I'm trying to set up an RStudio environment to study deep learning, running R/RStudio 4.3.1 on a university cluster desktop under ubuntu 22.04, using CUDA-11.6 and a GPU. The desktop is set up by the cluster, so I don't have access to how the desktop actually manages the GPU. acsess. I have asked the admins to help me with this. But my experience has raised a couple of questions about my workspace setup.
I use the following set up within RStudio:

virtualenv_create("r-reticulate", python = install_python())
install_keras(envname = "r-reticulate")
(R studio restarts here)
install_tensorflow(envname = "r-tensorflow", version = '2.15')

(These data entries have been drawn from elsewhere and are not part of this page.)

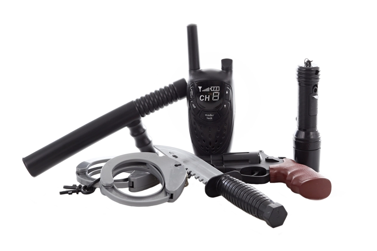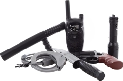 Praktiline patareidega taskulamp tagab rohkem lõbu ka kehvemas valguses ning raadiosaatja toetab suhtlust mängu ajal. Püstol, käerauad ja kummikupats loovad autentse politseiniku kogemuse. Patareid on komplektis, seega ei ole vaja midagi juurde osta.
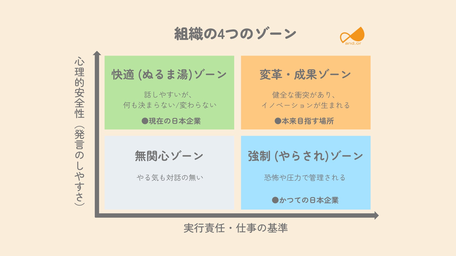 組織行動学(エイミー・エドモンドソン教授ら)の理論において、組織は「心理的安全性(話しやすさ)」と「仕事の基準・責任(実行力)」の2軸で4つのゾーンに分類されます。
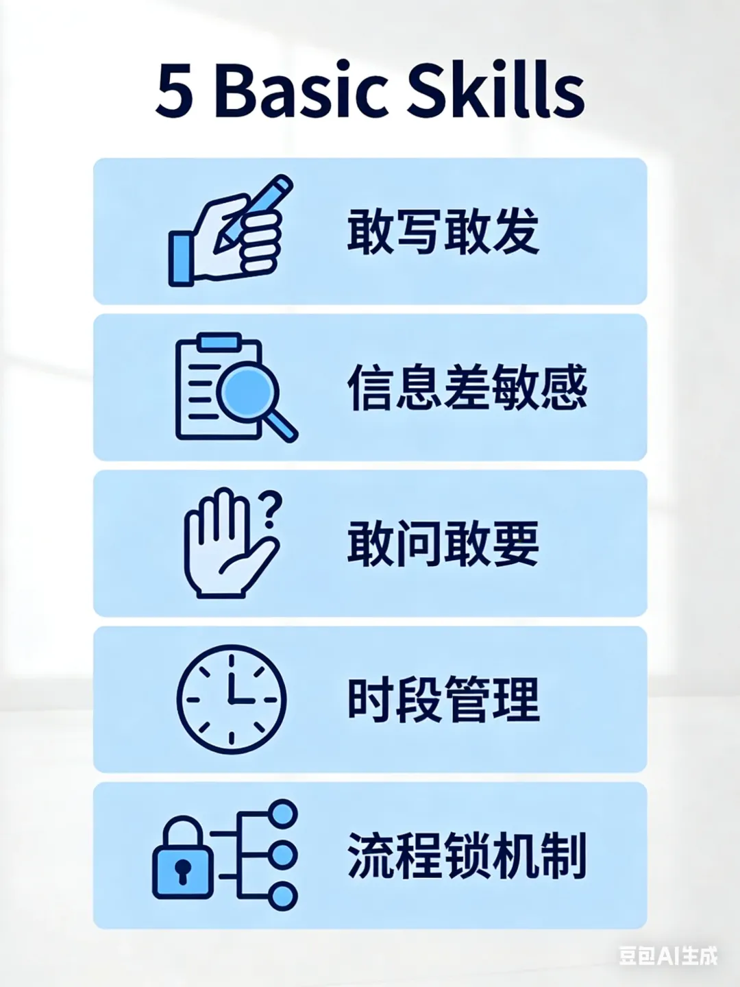 – 敢写敢发、信息差敏感、敢问敢要、时段管理、流程锁机制
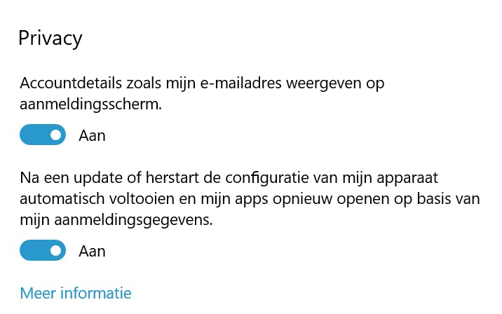 Het vergrendelingsscherm kan nog meer: standaard laat het aanmeldingsscherm niet zoveel informatie over de gebruikersaccount zien. Deze keuze hebben de makers vooral met het oog op privacy gemaakt. Ben je de enige gebruiker van de computer en wil je dat Windows de informatie wel gewoon laat zien? Kies in het instellingenvenster voor Accounts en open de sectie Aanmeldingsopties. In de sectie Privacy zet je de schuif op Aan bij de optie Accountdetails zoals mijn e-mailadres weergeven op aanmeldingsscherm. Om te voorkomen dat het vergrendelingsscherm lang in beeld blijft als je niet bij de computer bent, kies je in het instellingenvenster voor Systeem en kies je voor Energiebeheer en slaapstand. Bepaal bij de sectie Scherm na hoeveel minuten het scherm moet worden uitgeschakeld.
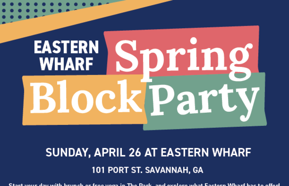 The Eastern Wharf Spring Block Party will feature free yoga, on-site tours, premium raffle prizes, and more! Plus, enjoy local food trucks and live music on-site from 1 to 3 p.m.
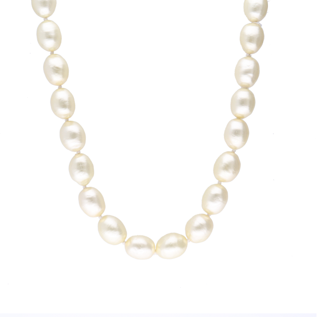 USED品。楕円型のフェイクパールが特徴的なネックレスです。シンプルなので普段のコーディネートはもちろん様々なファッションやシーンにお使いいただけるお品物です。
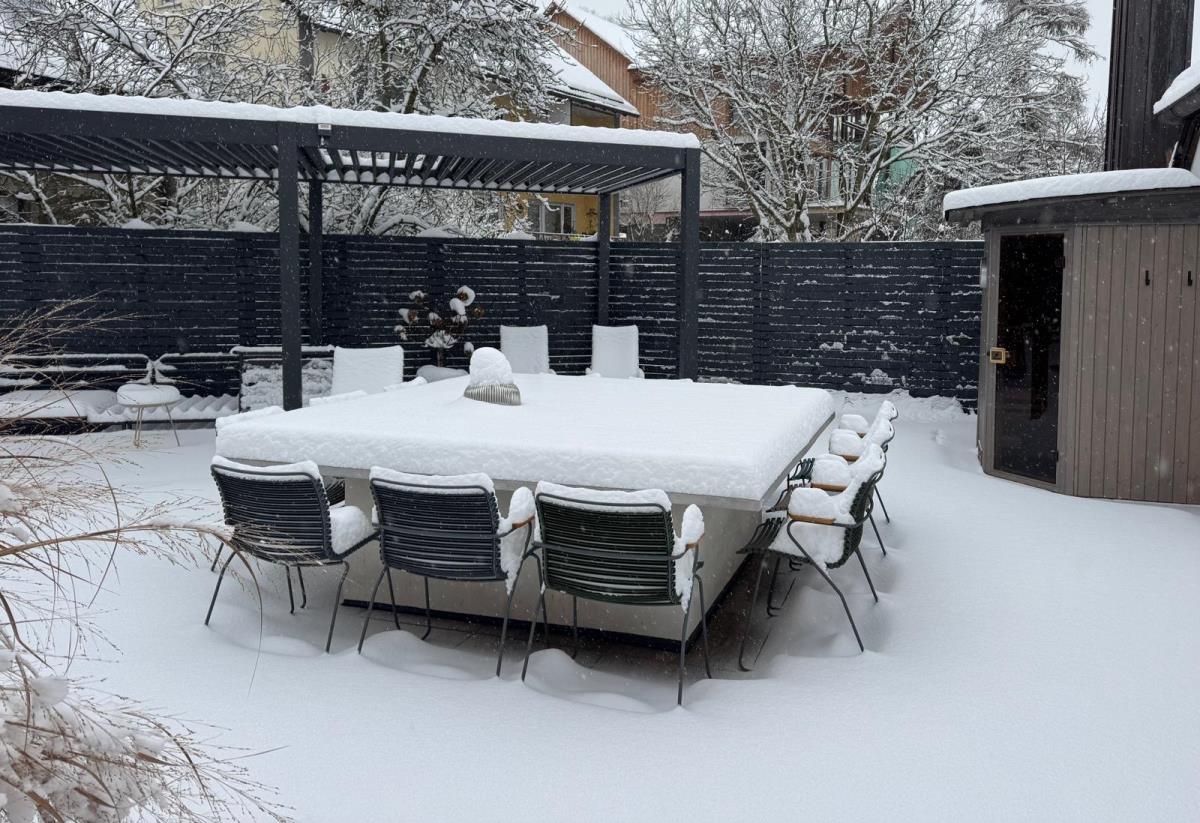 Pergola mit Lounge-Möbeln vom dänischen Designhaus Houe
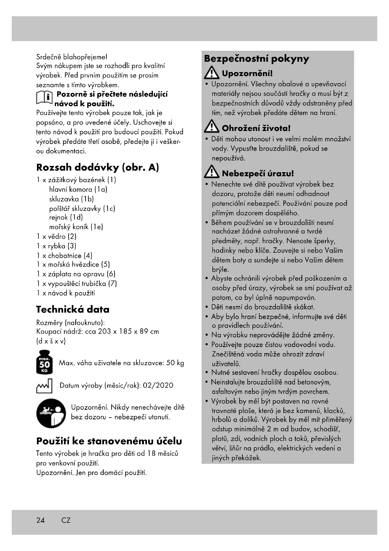 Srdečně blahopřejeme! Svým nákupem jste se rozhodli pro kvalitní výrobek. Před prvním použitím se prosím seznamte s tímto výrobkem. Pozorně si přečtete následující návod k použití. Používejte tento výrobek pouze tak, jak je popsáno, a pro uvedené účely. Uschovejte si tento návod k použití pro budoucí použití. Pokud výrobek předáte třetí osobě, předejte jí i vešker- ou dokumentaci. Rozsah dodávky (obr. A) 1 x zážitkový bazének (1) hlavní komora (1a) skluzavka (1b) polštář skluzavky (1c) rejnok (1d) mořský koník (1e) 1 x vědro (2) 1 x rybka (3) 1 x chobotnice (4) 1 x mořská hvězdice (5) 1 x záplata na opravu (6) 1 x vypouštěcí trubička (7) 1 x návod k použití Technická data Rozměry (nafouknuto): Koupací nádrž: cca 203 x 185 x 89 cm (d x š x v) Max. váha uživatele na skluzavce: 50 kg Datum výroby (měsíc/rok): 02/2020 Upozornění. Nikdy nenechávejte dítě bez dozoru – nebezpečí utonutí. Použití ke stanovenému účelu Tento výrobek je hračka pro děti od 18 měsíců pro venkovní použití. Upozornění. Jen pro domácí použití. Bezpečnostní pokyny Upozornění!
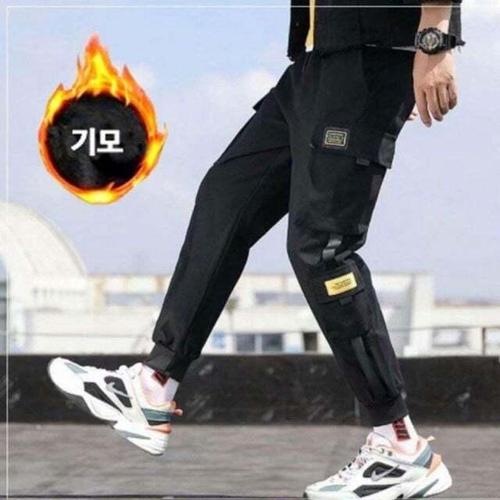 [셀럽하우스]남자 XXLE2855 겨울 스타일 검정 허리밴딩 기모 고품질 조거 남
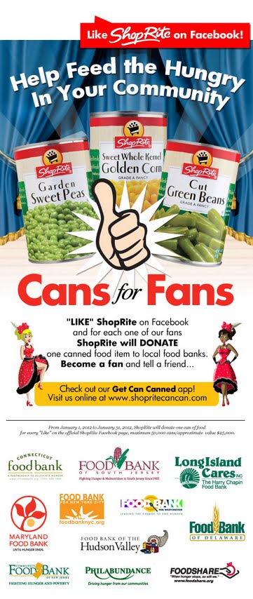 Now in its 41st year, the Can Can Sale has become extra special with the “Cans for Fans” Facebook program, which enables fans to get involved in the fight against hunger. During the 2012 Can Can Sale, January 5th through the 21st, ShopRite will donate one can of food (up to 50,000 cans) to local food banks in the communities it serves, on behalf of every new ShopRite Facebook fan.

According to Deep Learning with R, 2nd edition, installing keras, among other things, also loads tensorflow. But when I run install_keras() alone, my code can't find an installed tensorflow. The error language suggests running the above command to "install_tensorflow(envname = "r-tensorflow"). Now everything seems to work correctly other than that any tensorflow command can't find the GPU, so that I can only use CPU hardware.

My two questions:
a. Does the current version of keras::install_keras() actually still also install tensorflow, as stated in the Deep Learning book? If so, why does R not then find the tensorflow?
b. "Install_tensorflow(envname = 'r-reticulate')" doesn't work. I need to use "(install_tensorflow(envname = 'r-tensorflow)". Does the use of two different environments for reticulate/keras and for tensorflow cause problems?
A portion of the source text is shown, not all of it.